Lo svezzamento è uno dei momenti più importanti della vita del bambino poiché l’inserimento corretto degli alimenti gli permetterà nel corso degli anni successivi di evitare problemi legati all’obesità ma anche a carenze nutrizionali. Ci sono ad esempio alcuni errori che bisogna evitare di fare ma soprattutto è importantissimo chiedere consiglio al proprio pediatra sui tempi e i modi dello svezzamento del neonato.

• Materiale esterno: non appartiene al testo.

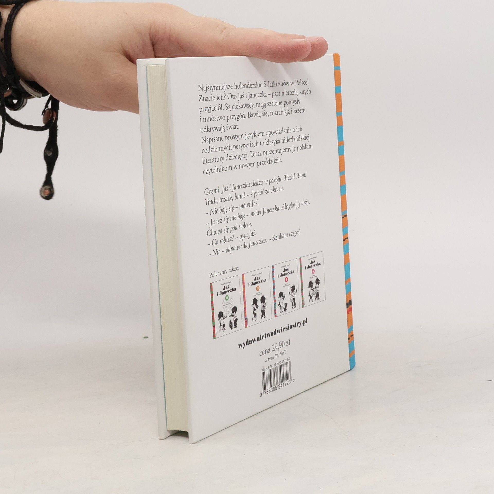 Najsłynniejsze holenderskie 5-latki znów w Polsce! – Pobawimy się w panią i pana – decyduje Janeczka. – Czy napije się pan herbaty? – Nie – odpowiada Jaś. – Nie lubię herbaty. – Oj! – Janeczka jest niezadowolona. – Pan nigdy tak nie mówi. Pan grzecznie siada i pije herbatę. – To ja nie chcę być panem – mówi Jaś. Znacie ich? Oto Jaś i Janeczka – para nierozłącznych przyjaciół. Są ciekawscy, mają szalone pomysły i mnóstwo przygód. Bawią się, rozrabiają i razem odkrywają świat. Napisane prostym językiem opowiadania o ich codziennych perypetiach to klasyka niderlandzkiej literatury dziecięcej. Teraz prezentujemy je polskim czytelnikom w nowym przekładzie. Przygody Jasia i Janeczki były publikowane w odcinkach w holenderskim dzienniku „Het Parool” w latach 1952–1957. Później zostały zebrane w 5-tomową serię książkową i doczekały się licznych wydań w wielu językach. Pierwsze polskie wydanie nosiło tytuł „Julek i Julkaˮ.

Una volta raggiunto il sesto mese circa, la mamma secondo le preferenze alimentari della famiglia ma soprattutto secondo i gusti del bambino può cominciare ad introdurre, come suggerisce il Ministero della Salutevegetali cotti e tritati (ad esempio patate e carote), banana, pera o mela grattugiata, crema di riso nel latte. Solo successivamente si potranno aggiungere carboidrati come riso, mais, porridge, akamu, tapioca, yucca e proteine come montone, agnello, pollo, manzo, pesce capretto, maiale. Il suggerimento è sempre quello di non esagerare con l’apporto proteico durante lo svezzamento.

E’ invece importante che a questi alimenti da introdurre non si aggiungano condimenti come lo zucchero che può favorire le carie, ma anche il sale e il miele. Non bisogna invece dimenticare alimenti ricchi di grassi come lo yogurt, importanti per lo sviluppo del cervello. E’ bene inoltre evitare, come suggerisce la Società Italiana Pediatria, il formaggio grattugiato nelle pappe fino a un anno, di superare i 20 gr di carne o formaggio e i 30 gr di prosciutto.